Given records Start Marker

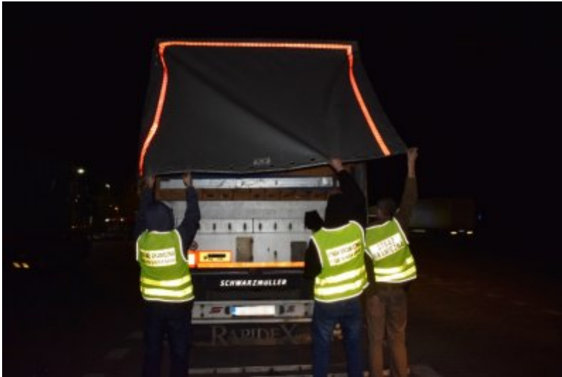
Afgańczycy ukryci w
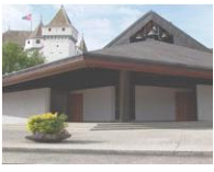
Notre-Dame de l'Immaculée Conception
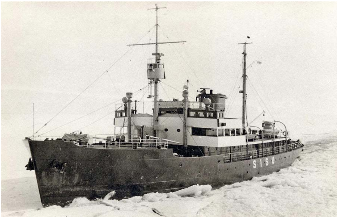
(Jäänmurtaja SISU Suomenlahdella)
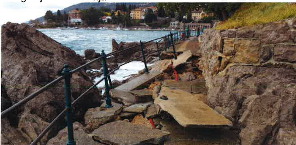
Fotografija 7. Oštećenja šetnice u Iki
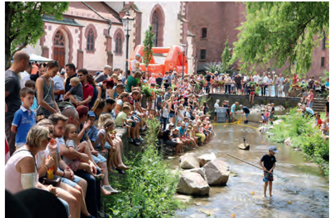
Gespannt verfolgten zahllose Zuschauer den Weg der Enten ins Ziel, vor allem im letzten Abschnitt

Die Losbesitzer suchten sich ein Plätzchen im Schatten und warteten bei einem kühlen Getränk, ob gewonnen oder nicht. Um ihnen die Zeit zu vertreiben, hatten sich die Veranstalter allerhand einfallen lassen. Magischer Anziehungspunkt für Kinder war eine Hüpfburg. Ein Tischkickerspiel war umlagert und wer wollte, konnte an den aufgebauten Tischen sein mitgebrachtes Picknick verzehren. Langsam verrann die Zeit, in der die Helfer die Losnummern der ersten 216 Enten, die ins Ziel gekommen waren, festhielten, bis um 17.30 Uhr die Sieger bekannt gegeben wurden. Sponsoren hatten ordentlich in die Tasche gegriffen und Sachpreise im Gesamtwert von 4.562 € gespendet. Aus dem Reinerlös der Lotterie wird Kolping auch dieses Jahr wieder den konfessionellen Weingartner Kindergärten eine Spende zukommen lassen.
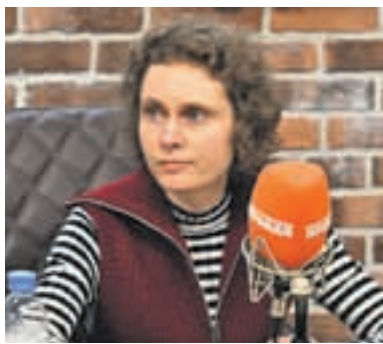
Иван МАКЕЕВ/«КП» - Москва
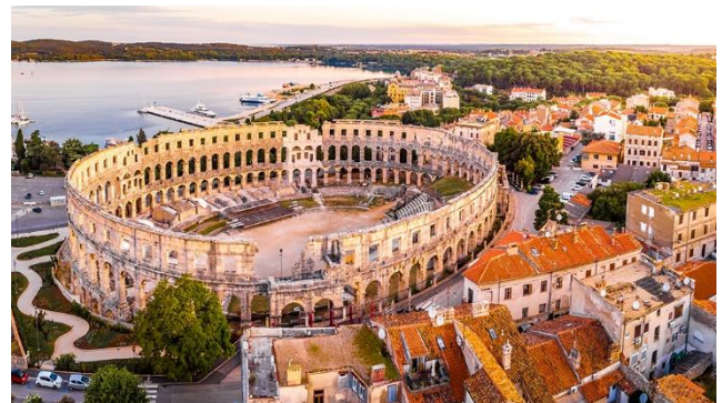
Das imposante Amphitheater von Pula
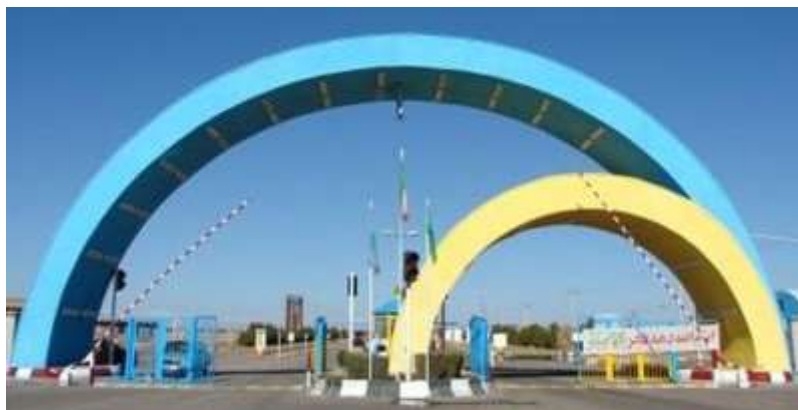
شکل و ابعاد سایت

منطقه ویژه اقتصادی سیرجان در زمینی به مساحت ۴۰۴۱۸۷ متر مربع قرار گرفته است (۴/۴ هکتار)
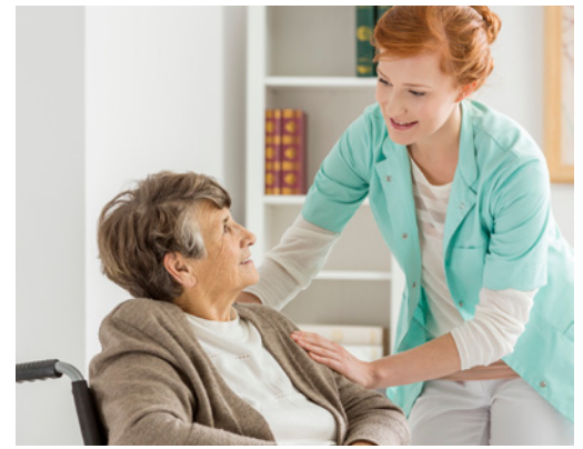
Figure RUG-III Plus

RUG-III Plus est une version à jour de la méthodologie de regroupement RUG-III. L'ICIS a travaillé avec les intervenants des autorités compétentes du Canada et interRAI pour élaborer RUG-III Plus.
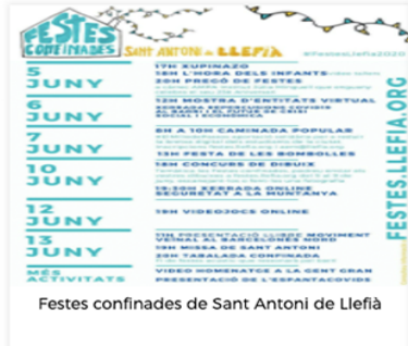
Festes confinades de Sant Antoni de Llefià
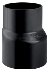
Obrázek s příkladem
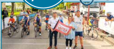
Départs des courses
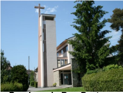
Paroisse du Bon Pasteur

Av. des Cerisiers 2 1008 Prilly +41 (0)21 634 92 14
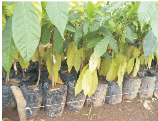
Foto 30. Grèf kakawo kap pouse avan pòt grèf yo koupe
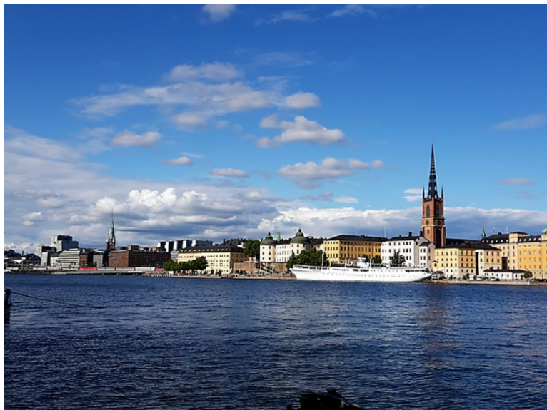
Lenger møt øst ser vi mer av gamlebyen. Vi ser også Mälardrottningen hvor vi bodde i 2008.
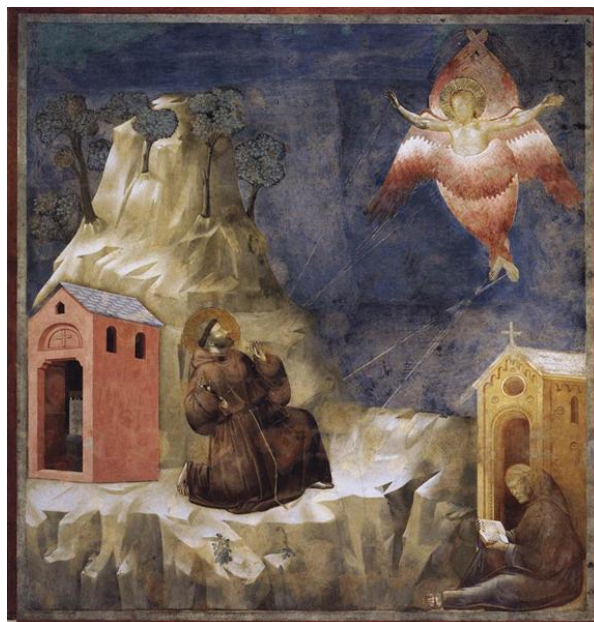
4. ábra. Giotto, 1320 k. Firenze, Santa Croce, Cappella Bardi

Jacques Dalarun után újra hozzászólt a stigma kérdéséhez André Vauchez , aki 2009-ben jelentette meg François d'Assise. Entre histoire et mémoire (Assisi Ferenc a történelem és az emlékezet között) című monográfiáját. Pontos és részletes leírást adott a stigmatizációval kapcsolatban fennmaradt források sokszínűségéről és egymás közti ellentmondásairól. Különös figyelmet szentel annak, hogy Bonaventura hogyan próbálta – szerinte sikerrel – feloldani ezeket az ellentmondásokat egy koherens krisztológiai értelmezésben, mely a Ferenc testén megjelenő stigmákat a látomásban megjelenő szeráf-Krisztussal való azonosulási vágy szeretetelli forróságával magyarázza. Kiemeli, hogy Ferenc stigmatizációja isteni „pecsét” ( sigillum ) a ferences rend reguláján, és ezáltal Ferenc szerepe eszkatológiai jelentőségre emelkedik: „napkeletről egy másik angyal száll fel, az élő isten pecsétje volt nála” (Jel, 7, 2), a Krisztus stigmáit viselő Ferenc fellépése egy új korszak kezdetét jelenti az emberiség történelmében. Ezután áttekinti a stigmatizáció valóságát bíráló kortárs ellenreakciókat (lásd VAUCHEZ 2009, pp. 204-206, 324-335).
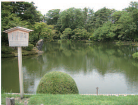
金沢といえば『兼六園』ですね
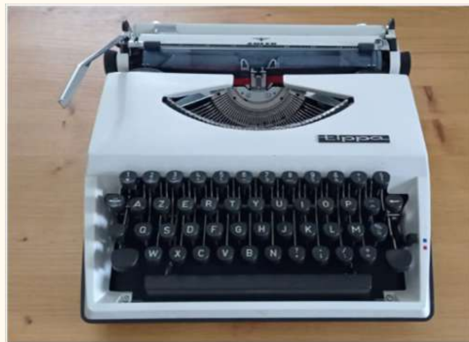
Machine à écrire 15 euros
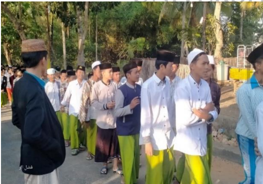
الأنشطة الجولة الأسبوعية
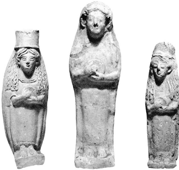
Figür 6: İbiza'da bulunan plakalar (Ferron 1969, fig. 7)

Given records End Marker

• **Goal of the exercise**:
Repeat only the lines from the one with "Jacques Dalarun után" through the end of the data, both included and exactly as written. Pictures stay out of the copy.

• **Answer section**:
Jacques Dalarun után újra hozzászólt a stigma kérdéséhez André Vauchez , aki 2009-ben jelentette meg François d'Assise. Entre histoire et mémoire (Assisi Ferenc a történelem és az emlékezet között) című monográfiáját. Pontos és részletes leírást adott a stigmatizációval kapcsolatban fennmaradt források sokszínűségéről és egymás közti ellentmondásairól. Különös figyelmet szentel annak, hogy Bonaventura hogyan próbálta – szerinte sikerrel – feloldani ezeket az ellentmondásokat egy koherens krisztológiai értelmezésben, mely a Ferenc testén megjelenő stigmákat a látomásban megjelenő szeráf-Krisztussal való azonosulási vágy szeretetelli forróságával magyarázza. Kiemeli, hogy Ferenc stigmatizációja isteni „pecsét” ( sigillum ) a ferences rend reguláján, és ezáltal Ferenc szerepe eszkatológiai jelentőségre emelkedik: „napkeletről egy másik angyal száll fel, az élő isten pecsétje volt nála” (Jel, 7, 2), a Krisztus stigmáit viselő Ferenc fellépése egy új korszak kezdetét jelenti az emberiség történelmében. Ezután áttekinti a stigmatizáció valóságát bíráló kortárs ellenreakciókat (lásd VAUCHEZ 2009, pp. 204-206, 324-335).
金沢といえば『兼六園』ですね
Machine à écrire 15 euros
الأنشطة الجولة الأسبوعية
Figür 6: İbiza'da bulunan plakalar (Ferron 1969, fig. 7)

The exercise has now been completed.